Des désensibilisations à nettement plus haut risque ont été décrites chez des patients
avec asthme sévère exacerbé par les AINS, avec ou sans polypose nasale associée.
Stevenson18 a montré une amélioration de l'asthme chez certains patients après
induction d'une tolérance et poursuite d'une dose quotidienne d'aspirine assez élevée (2
x 650 mg/j 1 mois, puis 2 x 325 mg). Malheureusement, la majorité des patients
présentent des réactions durant la désensibilisation, et par la suite environ 25% des
patients stoppent assez rapidement le traitement, souvent en raison de problèmes
gastriques. Stevenson a en outre décrit une réaction anaphylactique avec
rhinoconjonctivite et asthme quelques jours après une désensibilisation «réussie».

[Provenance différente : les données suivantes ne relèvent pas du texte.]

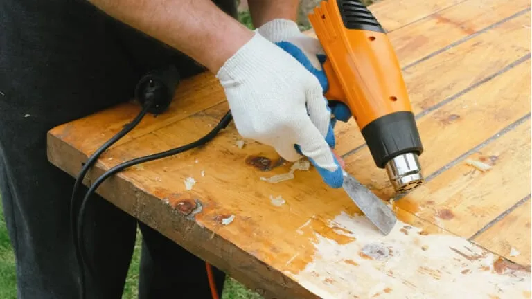 Heat guns makes paint bubble so you can scrape it off, but they can also damage wood or—at worst—cause it to catch fire. These work well for large surfaces and are easy to learn how to use, but they do come with risks and require a little practice before you start.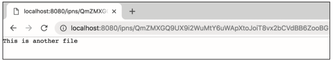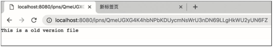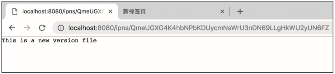 我们再次访问之前的寻址路径//localhost:8080/ipns/QmeUGXG4K4hbNPbKDUycmNsWrU3nDN69LLgHkWU2yUN6FZ可以看到新版本的内容,如下图所示:

quel anti-inflammatoire ou analgésique prescrire en cas d'intolérance aux ains ?
On propose chez ces patients le paracétamol ou un anti-COX-2 sélectif, actuellement le
célécoxib (Celebrex) qui est encore commercialisé en Suisse. En cas de doute quant à
leur tolérance (absence de prise préalable notamment), on recommande des tests de
provocation rapide sous surveillance de quelques heures. Le paracétamol est très
rarement responsable d'intolérance à doses courantes, surtout per os. A noter que
moins de 5% des patients intolérants aux AINS réagissent aux anti-COX-2 sélectifs. En
cas de douleurs importantes, les dérivés de la codéine et des opiacés sont naturellement
prescrits à ces patients.
conclusion
Les réactions de type allergique aux AINS sont le plus souvent liées à une intolérance
pharmacologique, ainsi les réactions croisées impliquant potentiellement toutes les
classes d'AINS non ou semi-sélectifs sont fréquentes : c'est en particulier le cas des
patients avec réaction respiratoire aux AINS et de ceux souffrant d'urticaire chronique.
Lors de réaction urticarienne aiguë, le risque de réactions croisées est difficile à prédire,
ainsi la prudence s'impose. Il est possible d'induire une tolérance à des faibles doses
d'aspirine lorsque son effet anti-agrégant est indiqué. Enfin, la grande majorité des
patients intolérants aux AINS supportent le paracétamol et les AINS sélectifs tels que le
célécoxib. Néanmoins, lorsque ces médicaments n'ont jamais été administrés, on
conseille un test de provocation avant de les prescrire.